■ **THE PROBLEM**
The records that follow need to be printed exactly. Leave out each image.

══ EXERCISE DATA ══

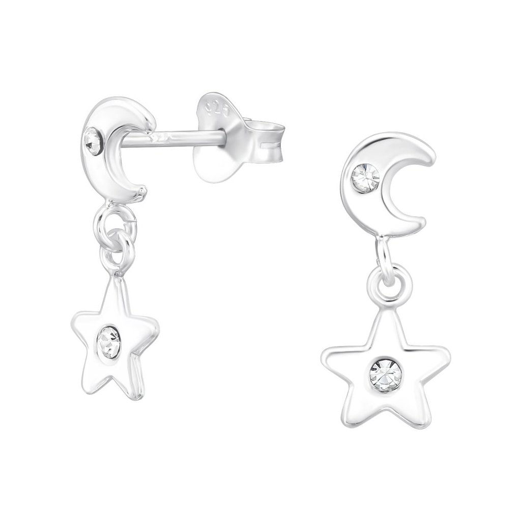 Stříbrné náušnice Měsíc a hvězda
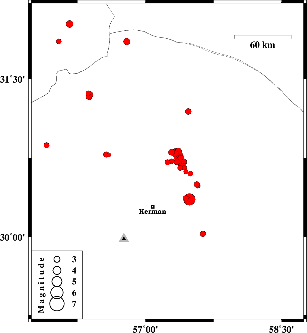 2018/06/29 | 22:55:32.7 | 03:25:32.7 | 30.754 | 57.358 | 14 | ML:2.7 | Kerman Province, 58 km North-East of Kerman | ||
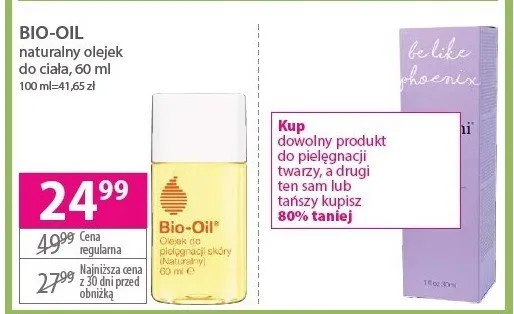 Cena produktu różni się w zależności od wybranego sklepu. Niestety nie posiadamy danych o aktualnych promocjach, jednak wśród archiwalnych ofert Olejek do pielęgnacji skóry naturalny dla skóry wrażiwej Bio-oil kosztuje od 24,99 zł do 34,99 zł.
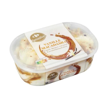 كارفور آيس كريم مجمد بالفانيليا والمكاديميا بالكراميل 484 جرام
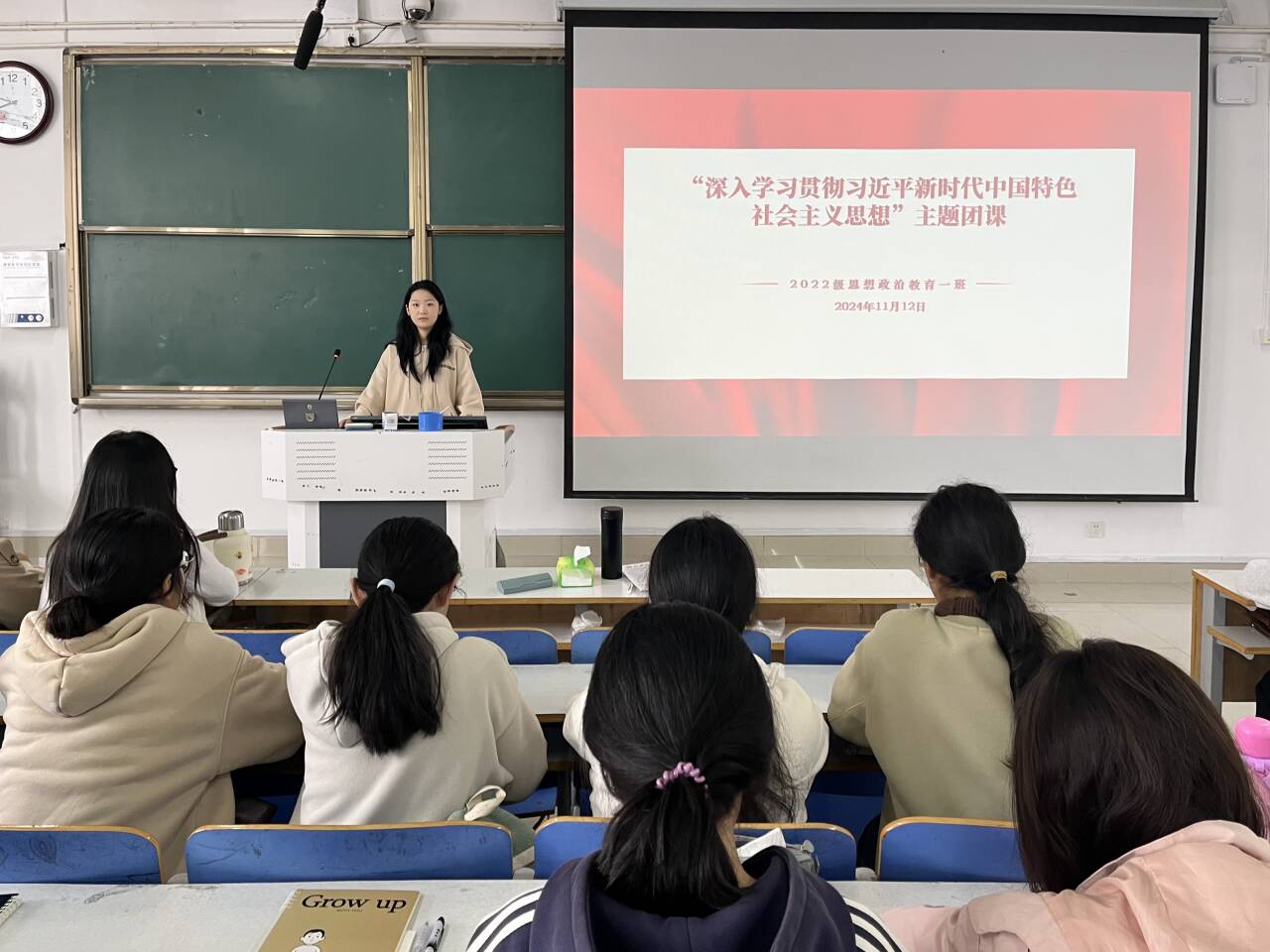 11月12日上午,sjb世俱杯网站2022级思想政治教育一班在社科楼514教室召开“深入学习贯彻习近平新时代中国特色社会主义思想”主题团课,世俱杯官网2022级思想政治教育一班全体同学共同参与本次团课,团课由团支书李佳茹主持。
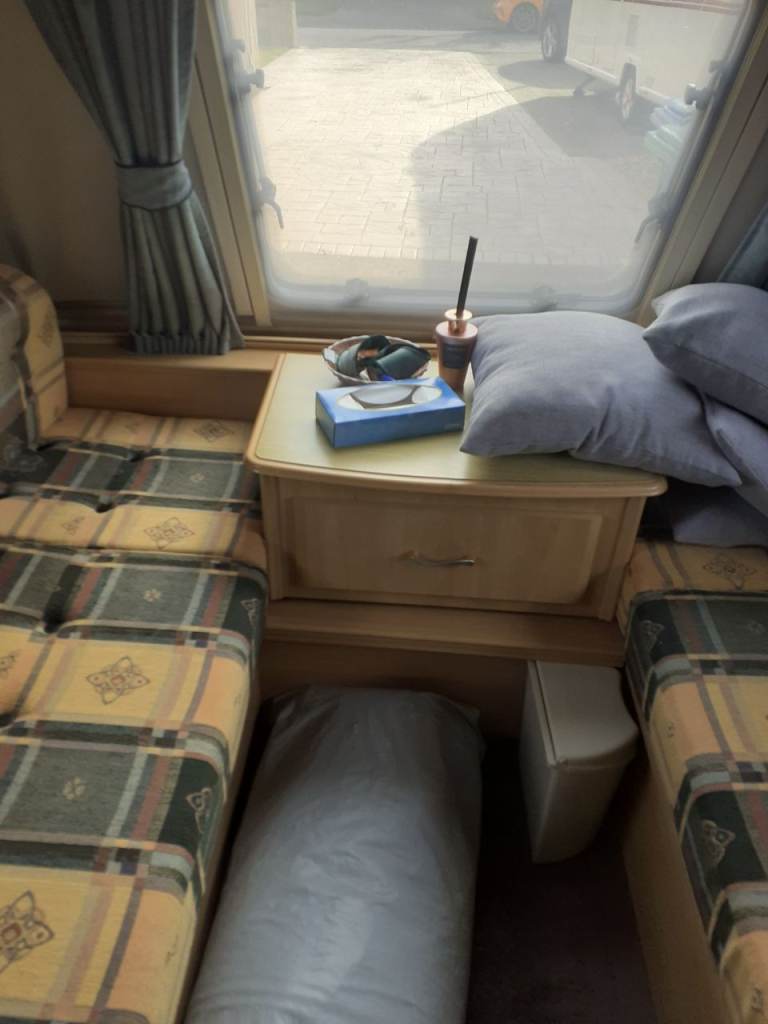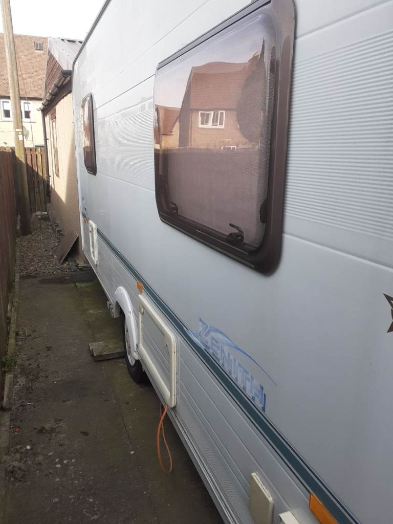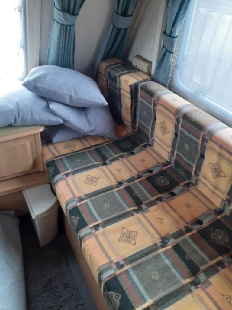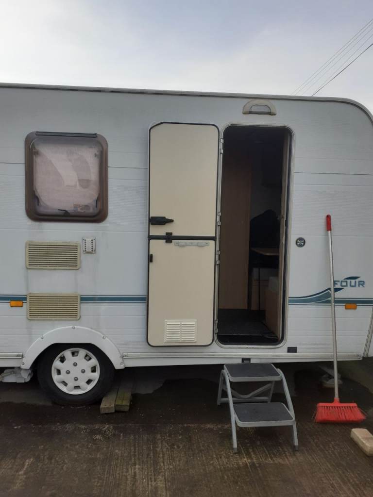 Ready for its next adventure, with general wear appropriate for its age.has blow up awning microwave cooker fridge gas bottles shower plenty of storage seats at front turn in to a double bed at back 2 single beds

═══

■ **REPLY TO THE EXERCISE**
 Stříbrné náušnice Měsíc a hvězda
 2018/06/29 | 22:55:32.7 | 03:25:32.7 | 30.754 | 57.358 | 14 | ML:2.7 | Kerman Province, 58 km North-East of Kerman | ||
 Cena produktu różni się w zależności od wybranego sklepu. Niestety nie posiadamy danych o aktualnych promocjach, jednak wśród archiwalnych ofert Olejek do pielęgnacji skóry naturalny dla skóry wrażiwej Bio-oil kosztuje od 24,99 zł do 34,99 zł.
 كارفور آيس كريم مجمد بالفانيليا والمكاديميا بالكراميل 484 جرام
 11月12日上午,sjb世俱杯网站2022级思想政治教育一班在社科楼514教室召开“深入学习贯彻习近平新时代中国特色社会主义思想”主题团课,世俱杯官网2022级思想政治教育一班全体同学共同参与本次团课,团课由团支书李佳茹主持。
 Ready for its next adventure, with general wear appropriate for its age.has blow up awning microwave cooker fridge gas bottles shower plenty of storage seats at front turn in to a double bed at back 2 single beds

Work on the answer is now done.